From: Laurence Oberman <loberman@redhat.com>
To: Bart Van Assche <bart.vanassche@sandisk.com>
Cc: James Bottomley <james.bottomley@hansenpartnership.com>,
"Martin K. Petersen" <martin.petersen@oracle.com>,
Hannes Reinecke <hare@suse.de>,
Christoph Hellwig <hch@infradead.org>,
linux-scsi@vger.kernel.org
Subject: Re: [PATCH 2/2] scsi_dh_alua: Fix a recently introduced deadlock
Date: Mon, 28 Mar 2016 14:21:04 -0400 (EDT) [thread overview]

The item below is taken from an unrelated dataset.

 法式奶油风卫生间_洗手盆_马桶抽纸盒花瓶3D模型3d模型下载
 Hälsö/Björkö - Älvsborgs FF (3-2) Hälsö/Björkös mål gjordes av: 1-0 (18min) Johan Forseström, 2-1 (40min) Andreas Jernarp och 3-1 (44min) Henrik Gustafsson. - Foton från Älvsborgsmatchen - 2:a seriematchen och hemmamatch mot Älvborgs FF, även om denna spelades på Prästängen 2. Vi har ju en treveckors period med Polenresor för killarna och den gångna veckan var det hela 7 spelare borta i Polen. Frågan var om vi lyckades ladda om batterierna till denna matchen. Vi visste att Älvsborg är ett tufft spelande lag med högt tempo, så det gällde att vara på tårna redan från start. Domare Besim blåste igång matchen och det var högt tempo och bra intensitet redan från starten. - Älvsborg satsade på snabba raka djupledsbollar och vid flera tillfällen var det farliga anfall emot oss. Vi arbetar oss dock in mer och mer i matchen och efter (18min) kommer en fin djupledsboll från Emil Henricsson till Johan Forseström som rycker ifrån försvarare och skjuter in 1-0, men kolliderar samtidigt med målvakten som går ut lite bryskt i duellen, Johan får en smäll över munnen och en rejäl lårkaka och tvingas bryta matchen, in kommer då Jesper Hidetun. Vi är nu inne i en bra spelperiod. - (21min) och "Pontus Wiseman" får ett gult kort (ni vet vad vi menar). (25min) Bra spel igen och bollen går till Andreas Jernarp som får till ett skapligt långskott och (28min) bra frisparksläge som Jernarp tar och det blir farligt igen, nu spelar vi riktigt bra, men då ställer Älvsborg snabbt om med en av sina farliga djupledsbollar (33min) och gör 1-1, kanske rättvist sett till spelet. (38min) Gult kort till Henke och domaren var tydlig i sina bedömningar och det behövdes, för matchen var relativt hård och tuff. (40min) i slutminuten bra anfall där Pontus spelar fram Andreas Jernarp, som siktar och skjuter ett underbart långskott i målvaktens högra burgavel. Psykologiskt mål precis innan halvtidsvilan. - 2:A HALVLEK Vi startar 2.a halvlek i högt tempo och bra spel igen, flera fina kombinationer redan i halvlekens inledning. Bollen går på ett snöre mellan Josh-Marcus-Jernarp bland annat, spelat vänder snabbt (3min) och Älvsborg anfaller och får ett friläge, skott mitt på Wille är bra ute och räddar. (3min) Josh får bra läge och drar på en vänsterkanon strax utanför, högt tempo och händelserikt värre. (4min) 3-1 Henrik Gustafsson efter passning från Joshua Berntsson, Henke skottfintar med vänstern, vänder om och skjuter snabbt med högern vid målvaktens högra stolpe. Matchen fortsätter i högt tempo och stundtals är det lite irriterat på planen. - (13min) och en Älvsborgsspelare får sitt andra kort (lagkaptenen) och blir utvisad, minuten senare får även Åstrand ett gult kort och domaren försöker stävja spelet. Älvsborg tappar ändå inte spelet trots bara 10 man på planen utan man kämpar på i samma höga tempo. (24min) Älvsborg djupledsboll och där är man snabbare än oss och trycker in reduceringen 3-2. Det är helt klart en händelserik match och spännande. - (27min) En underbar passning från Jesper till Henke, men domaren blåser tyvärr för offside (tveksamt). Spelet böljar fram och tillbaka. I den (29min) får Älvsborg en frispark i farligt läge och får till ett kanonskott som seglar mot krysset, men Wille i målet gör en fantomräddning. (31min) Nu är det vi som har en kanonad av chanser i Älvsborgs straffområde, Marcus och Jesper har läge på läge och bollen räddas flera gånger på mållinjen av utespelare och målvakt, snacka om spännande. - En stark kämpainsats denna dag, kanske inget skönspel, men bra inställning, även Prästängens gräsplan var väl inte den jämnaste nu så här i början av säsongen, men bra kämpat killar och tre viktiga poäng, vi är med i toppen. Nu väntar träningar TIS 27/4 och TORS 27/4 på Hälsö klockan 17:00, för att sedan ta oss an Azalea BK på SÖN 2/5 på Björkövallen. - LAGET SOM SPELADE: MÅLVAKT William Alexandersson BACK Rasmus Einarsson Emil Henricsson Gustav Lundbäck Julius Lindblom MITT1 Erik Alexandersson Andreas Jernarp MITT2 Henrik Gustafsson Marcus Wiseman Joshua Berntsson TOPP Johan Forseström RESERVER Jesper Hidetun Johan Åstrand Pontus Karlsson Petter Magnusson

Message-ID: <933006845.25395115.1459189264684.JavaMail.zimbra@redhat.com> (raw)
In-Reply-To: <56F9746C.40101@sandisk.com>
In similar testing last month with mlx4_ib I was able to generate the same lockup so this patch will help.
If I get a chance will add a Tested-by this week.

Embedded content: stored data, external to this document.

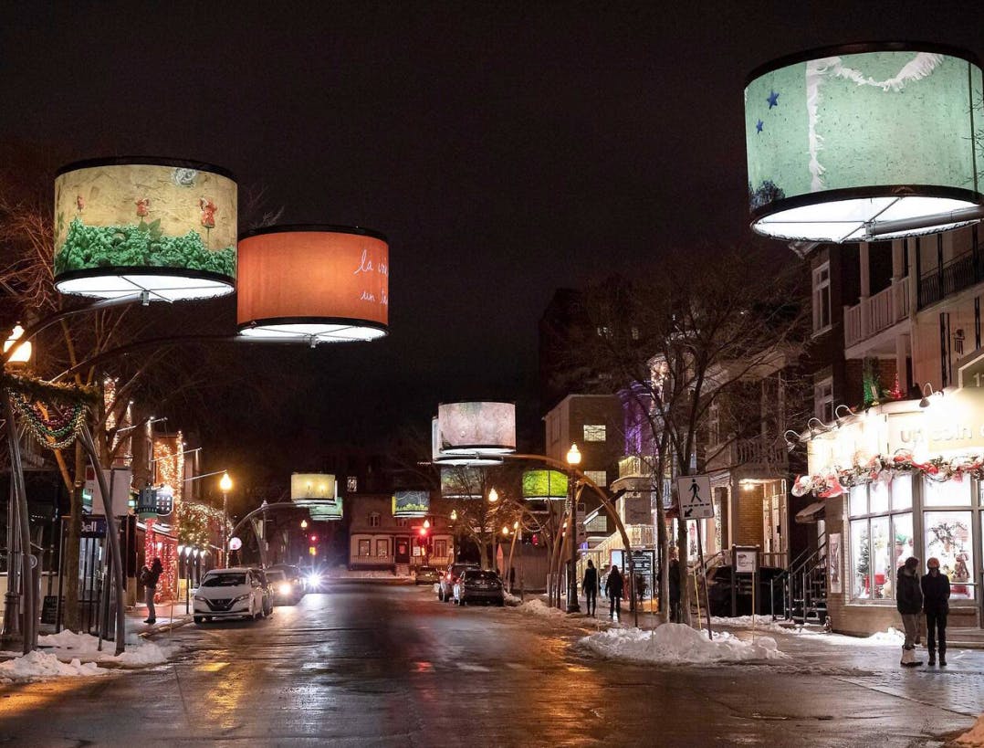 In rolling out the Lumière sur l'Art project, the SDC of the Montcalm district, the Musée national des beaux-arts du Québec, and the city of Quebec City chose to renew the exhibition every year. The giant lampshades are therefore dismantled and reassembled to install the new works. The street lamp structure is imposing, not only to make it highly visible, but also to ensure its resistance to the elements.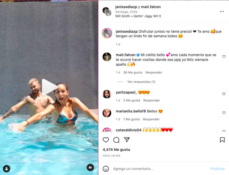 Fuera de la pista de baile, pudimos ver el registro de una divertida coreografía protagonizada por Janisse y Matías en la cuenta oficial de la bailarina, donde aparecen muy agusto disfrutando de la piscina mientras bailan al ritmo de Gettin' Jiggy Wit It de Will Smith.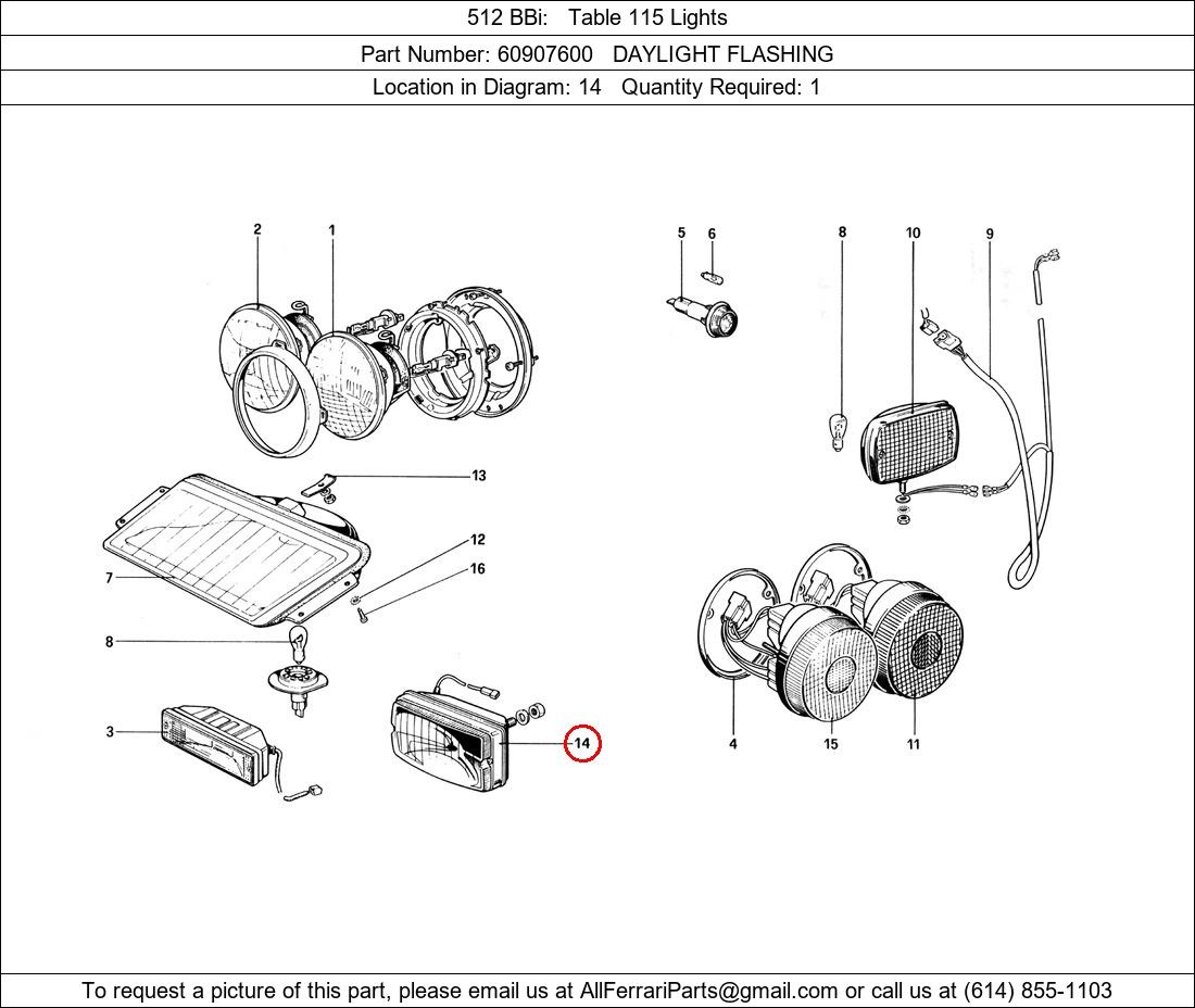 Ferrari Part Number 60907600, DAYLIGHT FLASHING shown here as used in 512 BBi Table 115 Lights. Location in Diagram: 14. Required Quantity: 1. This Ferrari part is used in more than one diagram. Click on the diagrams below to see alternative uses of this part: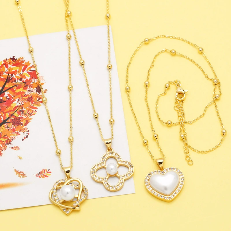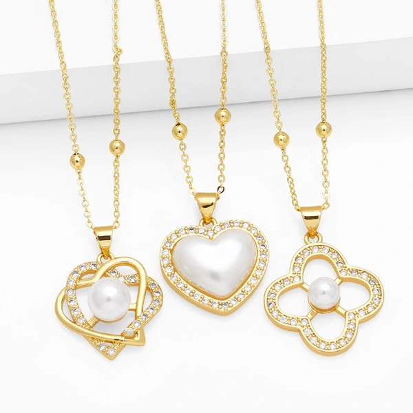 Colar de pérolas de amor em liquidação, estilo europeu e americano, pingente de diamante, corrente para clavícula, nkp03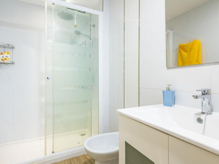 "Orion", appartement 3-kamers 68 m2 op de 1e verdieping. Doelmatig en comfortabel ingericht: woon-/eetkamer met eettafel, Digitale TV, Flatscreen TV, elektrische verwarming en ventilator. Uitgang naar het balkon. 1 kamer met 1 2-pers bed (135 cm, lengte 200 cm), elektrische verwarming en ventilator. 1 kamer met 1 bed (90 cm, lengte 190 cm), 1 uitschuifbaar bed (2 x 90 cm, lengte 190 cm), elektrische kachel en ventilator. Kleine, open keuken (afwasmachine, 3 keramische glas kookplaten, broodrooster, magnetron, diepvriezer, grill, elektrische koffiemachine, pads voor de koffiemachine (Dolce Gusto) extra). Douche/WC. Elektrische verwarming. Balkon. Balkonmeubilair. Uitzicht op zee. Ter beschikking: wasmachine, strijkijzer, haardroger. Internet (WiFi, gratis). Niet rokers woning. VT-53933-V // Reg. Nr.: ESFCTU000046037000244884000000000000000000VT-53933-V1

Reviewed-by: Laurence Oberman <loberman@redhat.com>
Laurence Oberman
Principal Software Maintenance Engineer
Red Hat Global Support Services
----- Original Message -----
From: "Bart Van Assche" <bart.vanassche@sandisk.com>
To: "James Bottomley" <james.bottomley@hansenpartnership.com>, "Martin K. Petersen" <martin.petersen@oracle.com>
Cc: "Hannes Reinecke" <hare@suse.de>, "Christoph Hellwig" <hch@infradead.org>, linux-scsi@vger.kernel.org
Sent: Monday, March 28, 2016 2:14:04 PM
Subject: [PATCH 2/2] scsi_dh_alua: Fix a recently introduced deadlock
While retesting the SRP initiator I ran the command "rmmod mlx4_ib"
while I/O was in progress. That command triggers SCSI device removal
indirectly. Avoid that this action triggers the following deadlock:
=================================
[ INFO: inconsistent lock state ]
4.6.0-rc0-dbg+ #2 Tainted: G O
---------------------------------
inconsistent {IN-SOFTIRQ-W} -> {SOFTIRQ-ON-W} usage.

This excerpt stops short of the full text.